Commercial real estate lending problems are coming to the fore, possibly creating a one-two punch to banks on the heels of the tremendous losses in residential real estate. Many banks are finding themselves challenged by CRE lending, and others are looking for ways to effectively handle problem assets and troubled debt.
In the Winter 2009 issue of Central Banker, we present four connected articles written by St. Louis Fed experts relating to CRE lending problems and methods for treating troubled assets. In the audio link, Julie Stackhouse, senior vice president and managing officer of the St. Louis Fed’s Banking Supervision, Credit and Center for Online Learning Division, introduces the series.
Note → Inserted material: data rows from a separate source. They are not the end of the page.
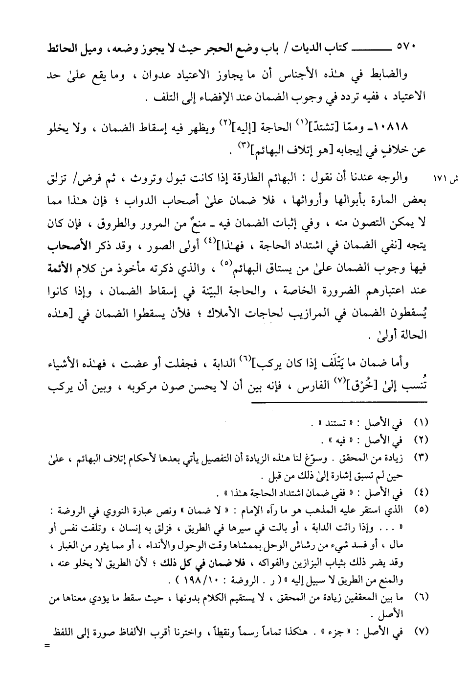 (3) زيادة من المحقق. وسوّغ لنا هذه الزيادة أن التفصيل يأتي بعدها لأحكام إتلاف البهائم، على حين لم تسبق إشارة إلى ذلك من قبل.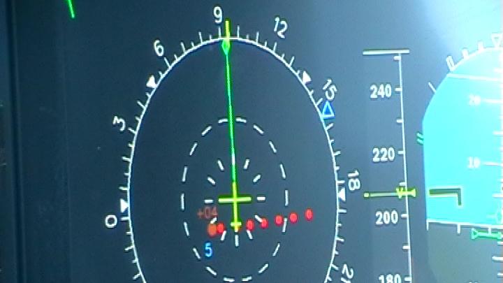 Navigations-Display: Die roten Punkte zeigen die Position der gerade durchgeflogenen Wirbelschleppe an.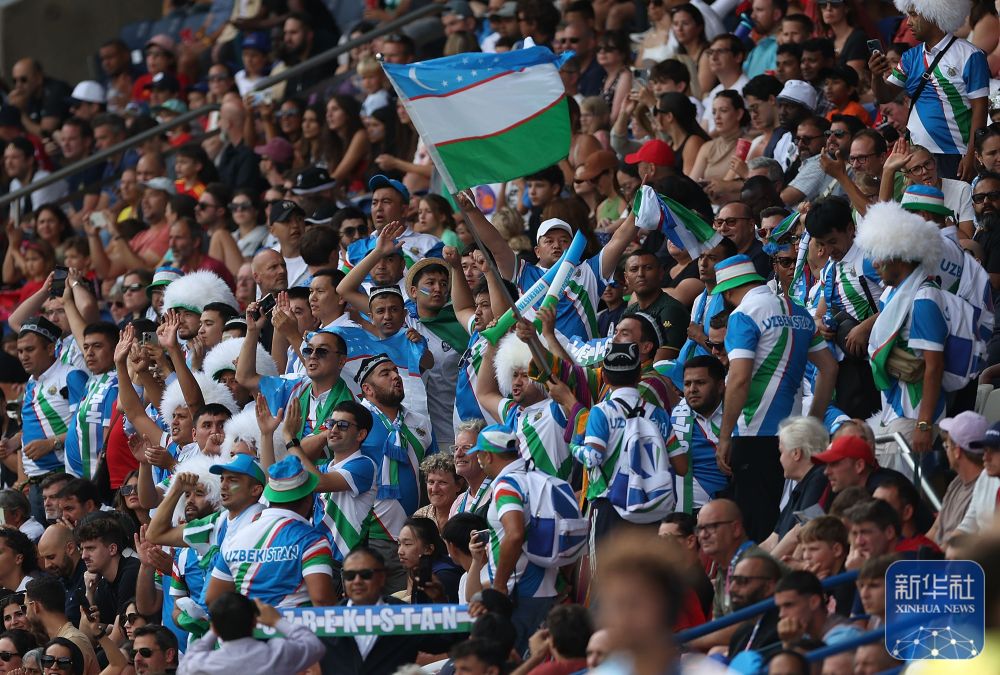 烏茲別克斯坦隊(duì)球迷在看臺加油助威。新華社記者 黃宗治 攝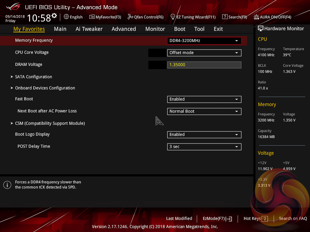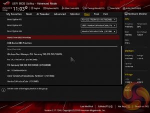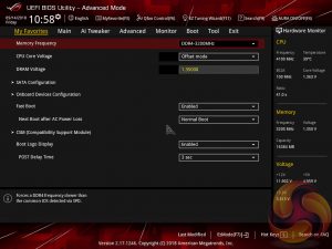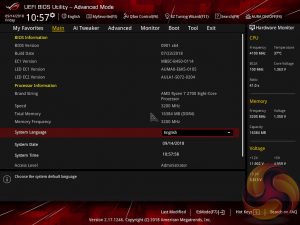 The ASUS UEFI enters straight into the EZ Mode splash screen which has a selection of frequently used settings including XMP profiles (called D.O.C.P on AMD ASUS motherboards), boot device order and fan speeds.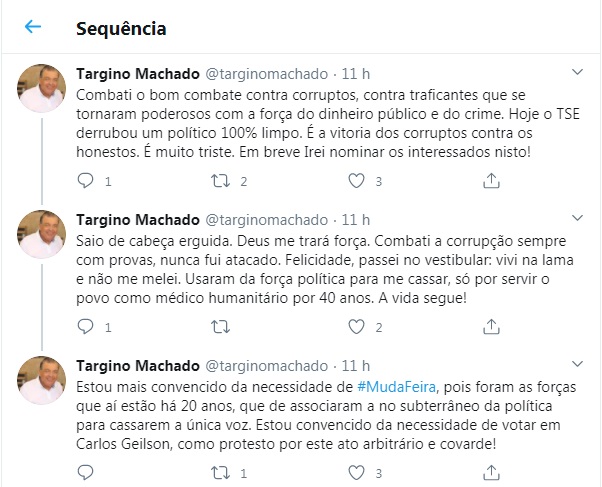 Na sequência de mensagens, o ex-deputado disse também que a decisão o deixou mais convencido da necessidade de “#MudaFeira”, pois “as forças que aí estão há 20 anos se associaram ao subterrâneo da política para cassarem a única voz”. Ele apoia a candidatura do ex-deputado estadual Carlos Geilson (Podemos), rival de seu correligionário e ex-prefeito do município, José Ronaldo (DEM).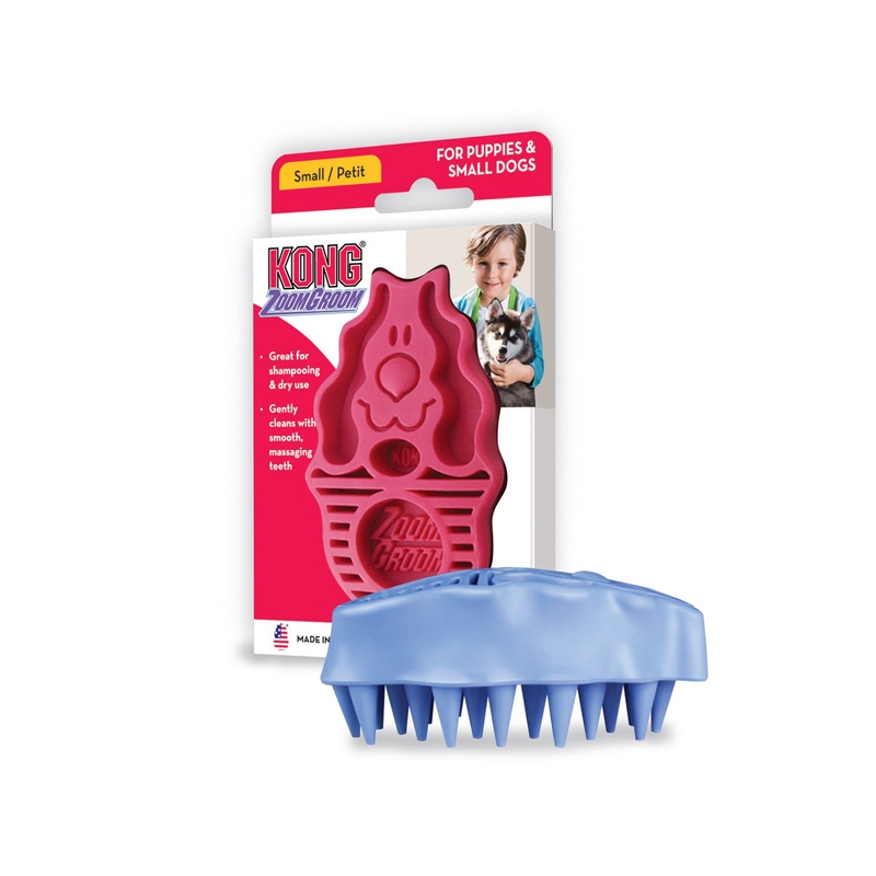 La brosse KONG ZoomGroom enlève les poils morts et stimule les capillaires et la production naturelle de graisse pour une peau et un pelage éclatants de santé. Parfaite pour éliminer les poils et utiliser avec du shampooing. Masse le chien tout en le brossant.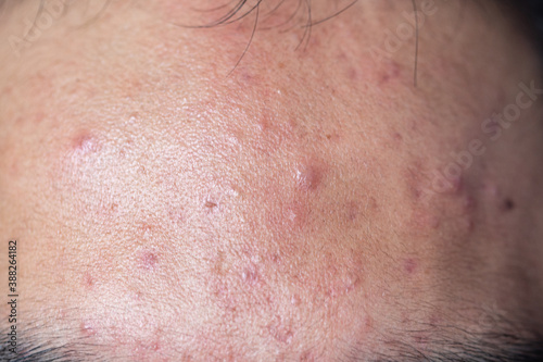 Backgrounds of lesions skin caused by acne on the face in the clinic.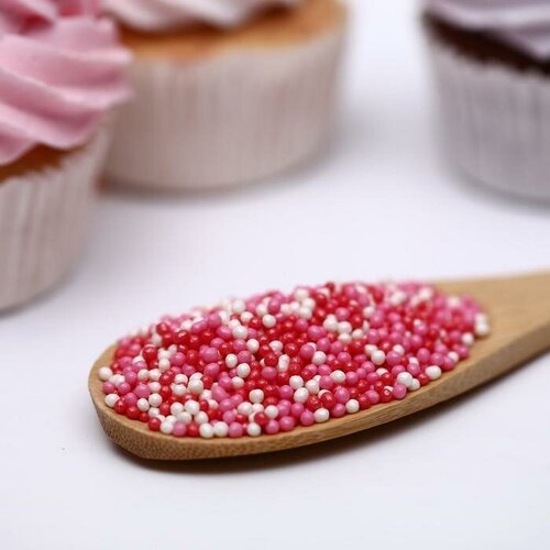 Посыпка кондитерская с мягким центром "Бисер" цветной "розовый, красный, серебро" 50 г

First, economist Michelle Neely examines challenges in CRE lending for Eighth District banks and runs the numbers to project when commercial and industrial vacancy rates will finally peak in several District metro areas.
Next, senior examiner Sam Ciluffo and supervisory examiner Carl White in the Banking Supervision and Regulation division discuss how banks can get back to the basics on CRE lending. Doing so can help provide a proactive risk management strategy that is critical to managing CRE credits.
Next, Jim Warren, supervisory examiner for safety and soundness, explores the criteria that make a financial institution’s debt restructuring no longer a simple refinancing but a troubled debt restructuring, and what banks can possibly do about it.
Finally, Tim Bosch, vice present over safety and soundness examinations, and Pat Pahl, senior coordinator for new member banks, detail how banks can legally transfer troubled assets to bank holding companies under the Federal Reserve Board of Governors’ Regulation Y, thereby lessening the negative impact on a bank’s portfolio.